Guo admitted it can't be guaranteed that all the organic foods in the market can meet the organic requirements, due to the lack of real-time supervision.

Farm owner Sun Dewei even said that organic food fraud in Beijing is common and nearly all the farms are far away from a truly organic system. Some organic farms that provide delivery service only grow three or four types of vegetables and will buy fruits from others or markets to meet demand, Sun added.

Du Xiangge, an expert in organic agriculture, said the public in China only pays attention to what's related to their health, regardless of the notion behind the process, like environmental protection.

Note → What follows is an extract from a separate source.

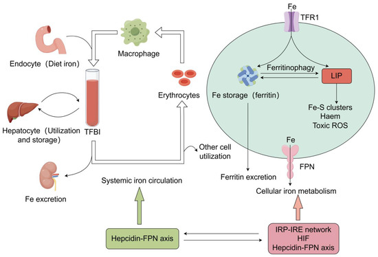 The regulation and the association between systemic iron circulation and cellular iron metabolism. Systemic and cellular iron are tightly regulated. Dietary iron is the only source of exogenous iron used to replace iron lost through iron excretion or bleeding. Dietary iron is absorbed into the bloodstream by enterocytes and exists in the circulation mainly as TFBI, which is recognized and taken up for use by cells of various tissues via TFR1. The liver is primarily responsible for systemic iron storage and regulates systemic iron homeostasis by synthesizing hepcidin. In the plasma, macrophages phagocytose senescent erythrocytes, releasing iron from hemoglobin and re-entering the circulation. Intracellularly, iron in the LIP is available for the synthesis of substances, such as the synthesis of heme by red lineage cells and the synthesis of Fe-S clusters by cells of various tissues, while excess iron is stored in ferritin. Ferritin can release the stored iron into the LIP via ferritinophagy, and intracellular iron can also be excreted directly from the cell via the FPN or by secretion of ferritin. When the intracellular iron regulation mechanism fails or the cellular iron is overloaded, the iron in LIP can generate toxic ROS through the Fenton reaction, leading to oxidative stress and cellular damage. Abbreviation: TFBI: transferrin bound iron, FPN: ferroportin, LIP: labile iron pool, HIF: hypoxia-inducible factor, IRP-IRE: iron-regulatory protein and iron-responsive element.

American writer and author of "Whole Earth Catalog" Stewart Brand said he pays the extra money on expensive organic foods to help society, but consumers like him will feel disappointed at hearing the truth.

Ken Green, a professor of environmental management at Manchester Business School of the United Kingdom, conducted a comprehensive study on the environmental impact of food production with colleagues and said, "You cannot say that all organic food is better for the environment than all food grown conventionally. If you look carefully at the amount of energy required to produce these foods, you get a complicated picture. In some cases, the carbon footprint for organics is larger."

As former Secretary of Agriculture of the United States Dan Glickman said, organic products, employed only as a notion in marketing, don't mean safer or more nutritious than conventional products.